= Action démocratique du Québec candidates in the 1994 Quebec provincial election =

Canadian provincial political party

The Action démocratique du Québec (ADQ) party fielded eighty candidates in the 1994 Quebec provincial election. One candidate, party leader Mario Dumont, was elected. Information about the party's other candidates may be found on this page.

==Candidates==

===Brome-Missisquoi: Benoit Trudeau===
Benoit Trudeau was a 22-year-old communications student at the Universite du Quebec at the time of the election. He acknowledged he had no chance of winning and said, "I had nothing to lose by running.
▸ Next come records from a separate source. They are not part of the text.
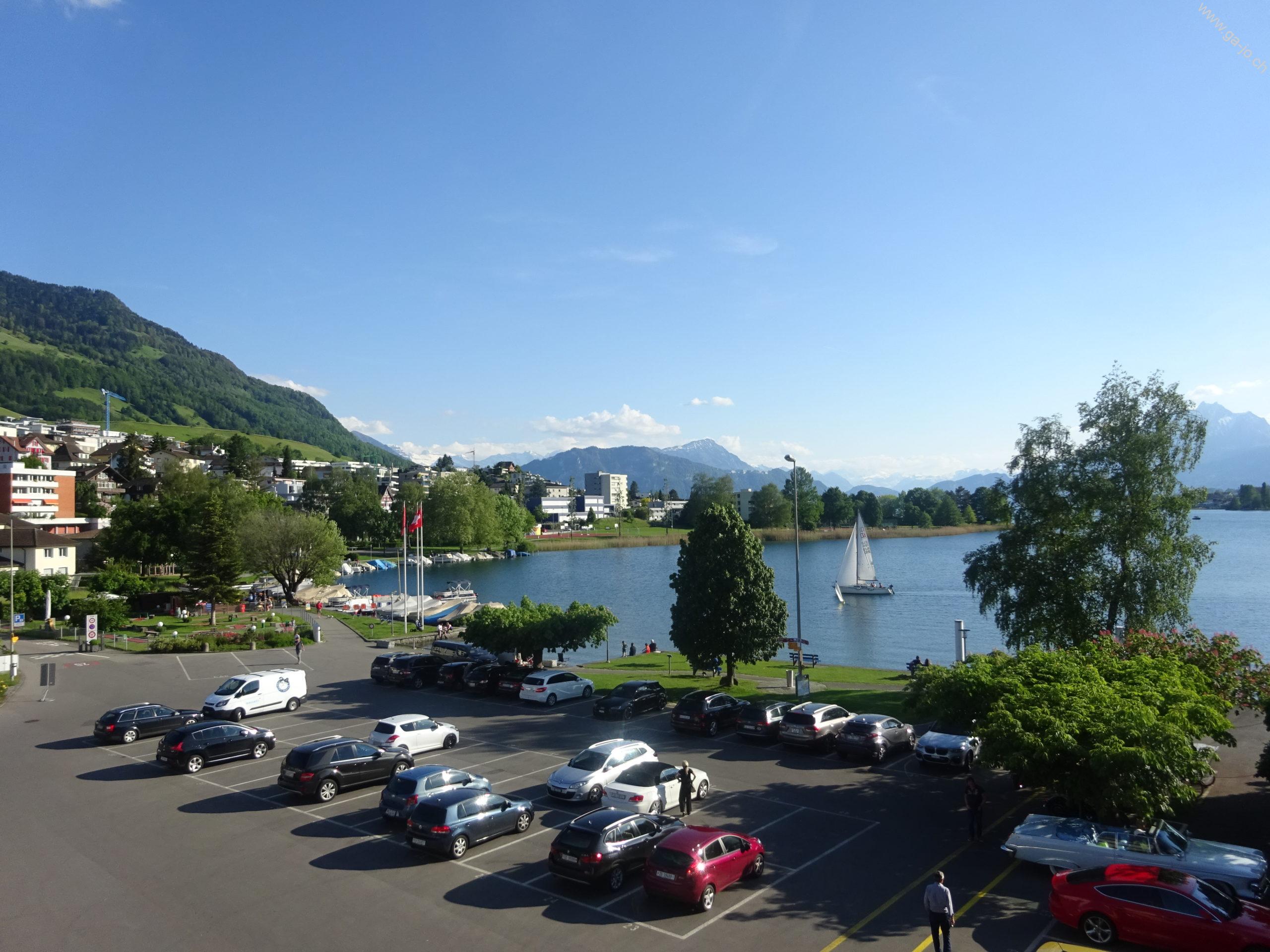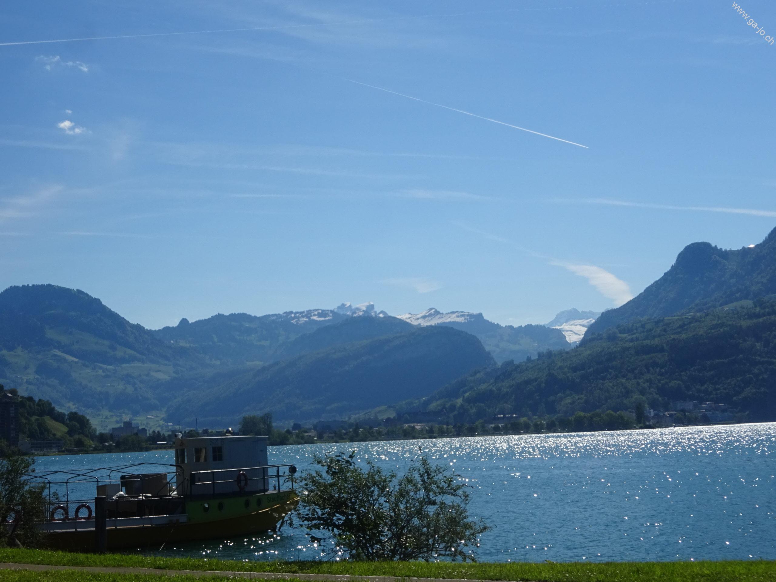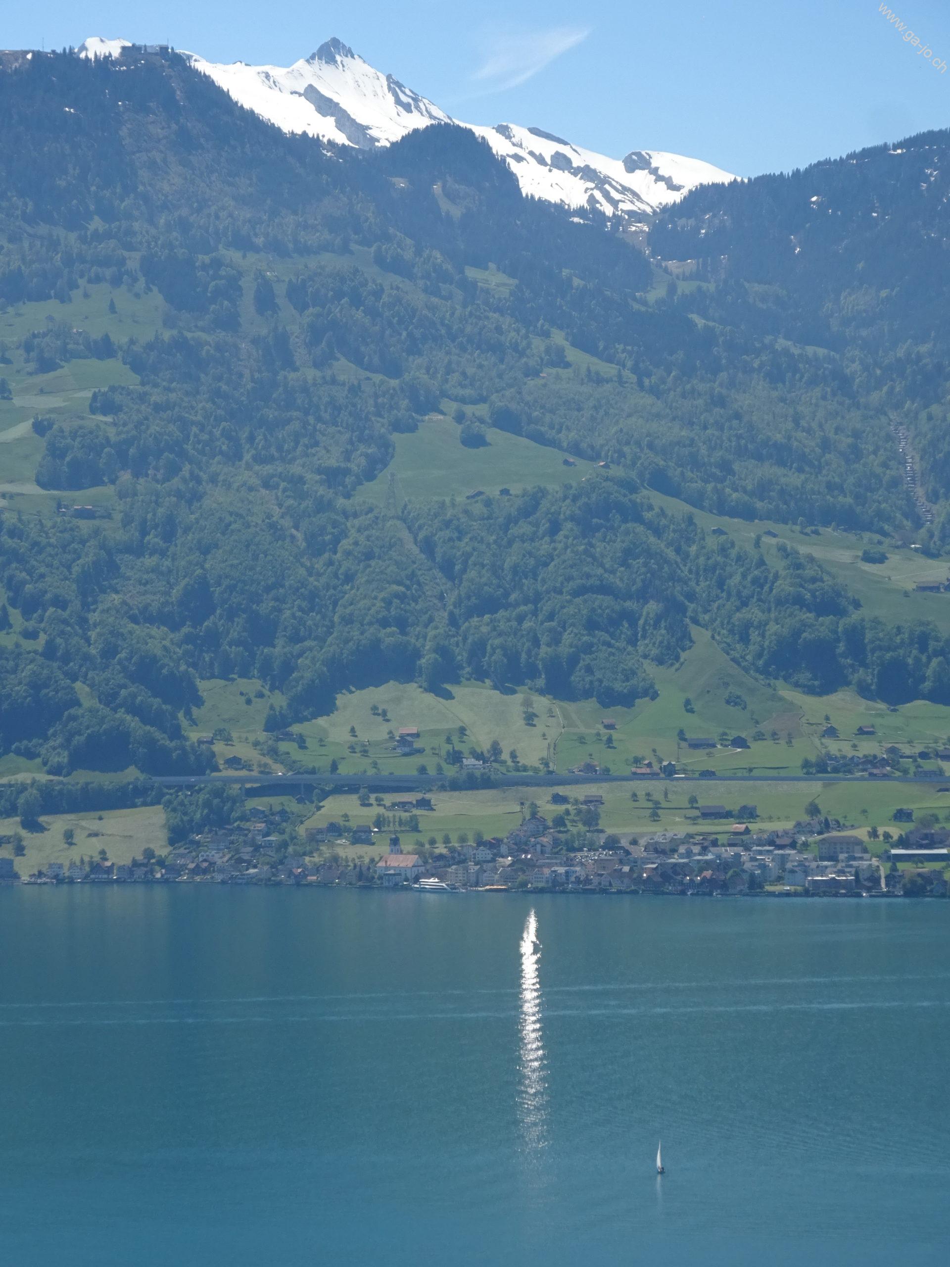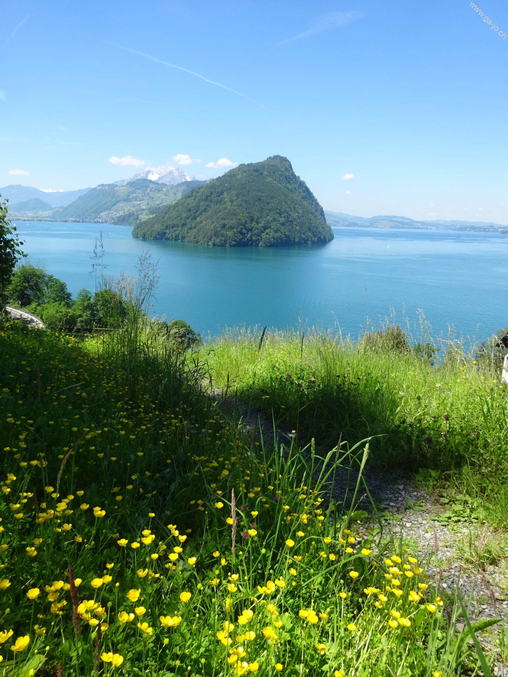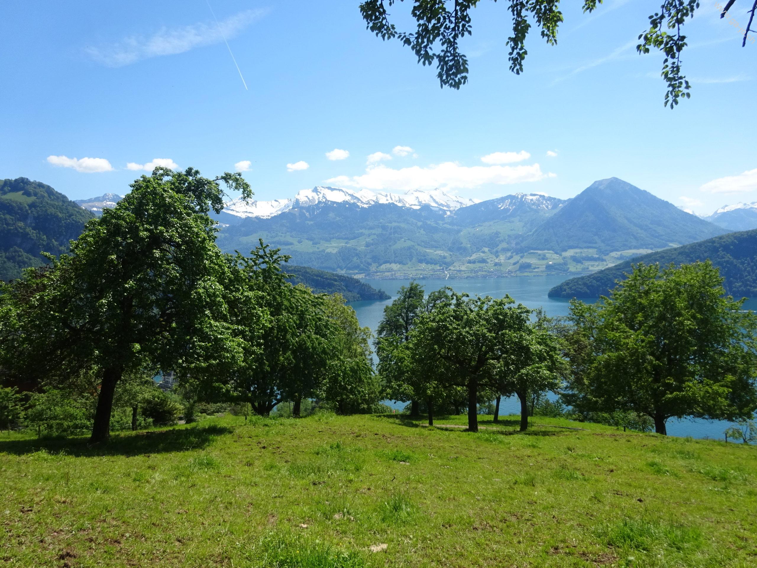 De Weggis, le chemin suit alors les bras du lac à travers champs, sans prendre le chemin le plus court mais la forêt bordant le lac est plutôt agréable en ce jour très ensoleillé. On arrive finalement à Greppen ou deux bus par heure nous permettent de rejoindre Küssnacht à temps pour l’apéro.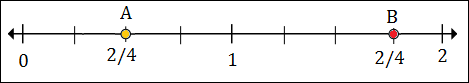 要繪製 1$\frac{2}{4}$,我們在 1 和 2 之間放置一個點,位於 1 右側 2 個刻度。
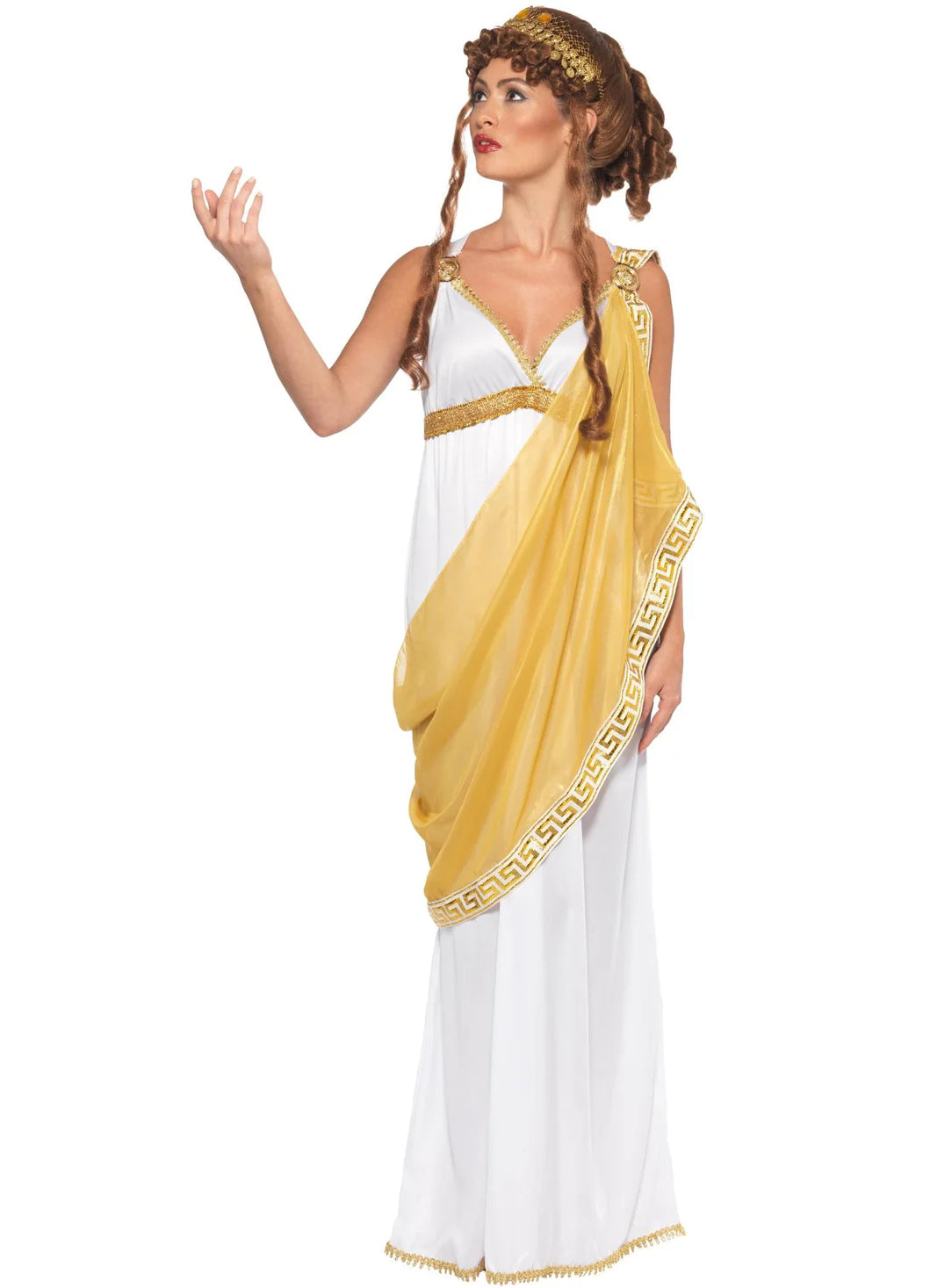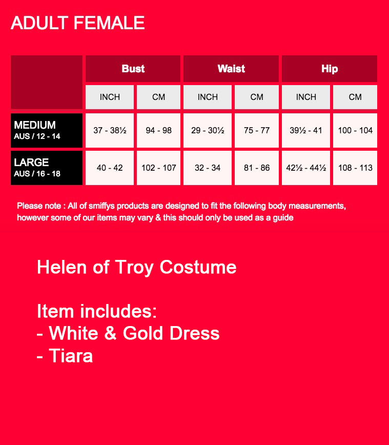 Bring the beauty of ancient mythology to life with this Helen of Troy Women’s Costume. The white and gold dress paired with a matching tiara creates a graceful and iconic look inspired by classic Greek legends. Suitable for Book Week events, school activities, themed parties and mythology storytelling, this elegant outfit provides comfort and style for adult wearers.

I didn't want to just sit around in my living room criticizing others." He received 2,037 votes (6.77%), finishing third against Liberal Party incumbent Pierre Paradis.

===Fabre: Lucie Jobin===
Lucie Jobin received 5,043 votes (12.64%) in the 1994 election, finishing third against Parti Québécois candidate Joseph Facal. The following year, she was the ADQ's representative on a Laval commission established by the provincial government of Jacques Parizeau during the buildup to the 1995 Quebec referendum to explore issues relating to Quebec sovereignty. She refused to sign the committee's final report, accusing the Parti Québécois of distorting its findings to suggest a greater support for Quebec sovereignty than actually existed. She later chaired the Comite de Citoyens de Laval-Ouest.

===Mercier: Carole Boucher===
Carole Boucher received 1,681 votes (5.42%), finishing third against Parti Québécois candidate Robert Perreault.